Question

Find the exact extreme values of the function z=f(x,y)=39x+12y+50 subject to the following constraints: y≥0 y≤36−x 2 ​ Complete the following: f min ​ =−1 at (x,y)=(−6,0,0) f max ​ =2ε× at (x,y)=(6×,0×) ​ Note that since this is a closed and bounded feasibility region, we are guaranteed both an absolute maximum and absolute minimum value of the function on the region.

Answer 1

The absolute maximum value of the function is 2ε at (x,y)=(6,0) and the absolute minimum value of the function is -1 at (x,y)=(-6,0).

Step-by-step explanation:

The given function is z=f(x,y)=39x+12y+50. The constraint given is y≥0 and y≤36−x. This is a closed and bounded feasibility region, so we are guaranteed to have both an absolute maximum and an absolute minimum value of the function. The absolute maximum and minimum values can be found by using the Lagrange multipliers method.

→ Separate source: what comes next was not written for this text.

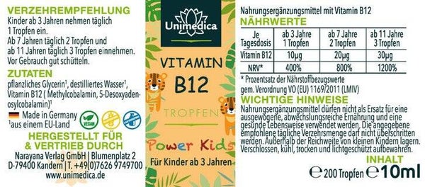 Power Kids Vitamin B12 Tropfen von Unimedica ergänzen den Vitamin B12 (Cobalamin) - Vorrat bei Kindern ab 3 Jahren. Vitamin B12 ist wichtig für eine ganzheitlich gesunde Entwicklung der Kinder. Denn B12 ist an zahlreichen wichtigen Stoffwechselprozessen im Körper beteiligt:
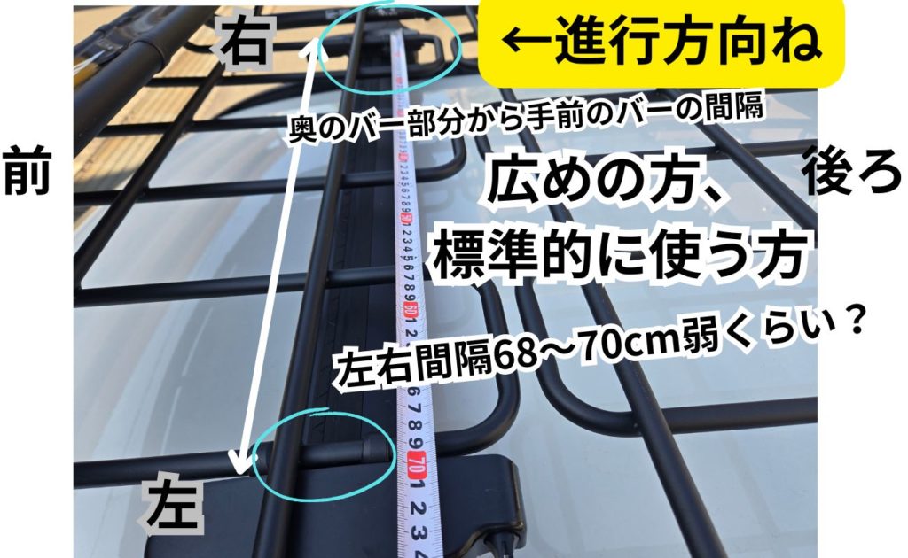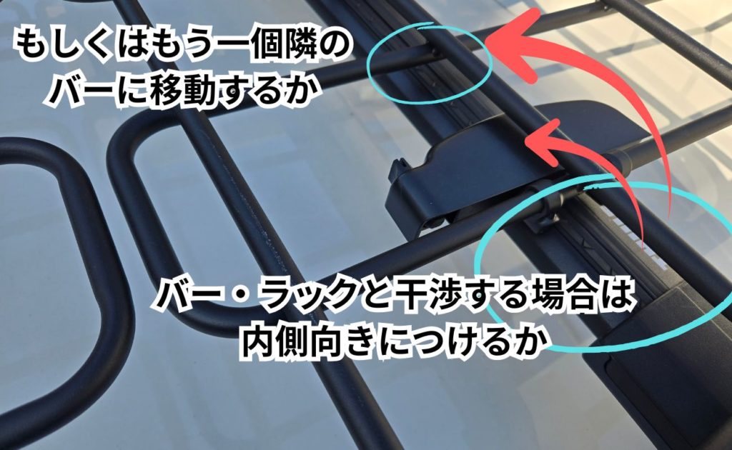 後述する項目でも解説しますが、逆にルーフバーの左右幅が短いものを使う場合等には、取り付け金具やカバーが上手く収まらないので、内向きにつけたり、一個内側のバーの方で固定金具を装着したりと工夫が必要です。

First, we need to find the critical points of the function. To do this, we need to take the partial derivatives of the function with respect to x and y. We get:

∂f/∂x=39

∂f/∂y=12

We set these equal to zero and solve for x and y, which gives us x=0 and y=0. We then check to make sure these points are within the feasible region. Since x=0 and y=0 satisfy our constraints, we know that these are our critical points.

Next, we need to find the extreme values of the function. To do this, we need to use the Lagrange multipliers method. We need to set up a system of equations with the given constraints and the partial derivatives of the function. We get:

39x+12y+50=λ(1)

y≥0 (2)

y≤36−x (3)

We solve this system of equations by substituting the value of y from constraint (3) into constraint (2). This gives us:

39x+12(36−x)+50=λ (4)

Solving for x, we get x=6. Substituting this value into constraint (3) gives us y=0. Now we can substitute these values into equation (4) to get λ=2ε. This is the absolute maximum value of the function.

To find the absolute minimum value, we need to take the partial derivatives of the function with respect to x and y and set them equal to zero. We get:

∂f/∂x=39

∂f/∂y=12

We set these equal to zero and solve for x and y, which gives us x=-6 and y=0. We then check to make sure these points are within the feasible region. Since x=-6 and y=0 satisfy our constraints, we know that these are our critical points. Substituting these values into the original function gives us an absolute minimum value of -1.

Therefore, the absolute maximum value of the function is 2ε at (x,y)=(6,0) and the absolute minimum value of the function is -1 at (x,y)=(-6,0).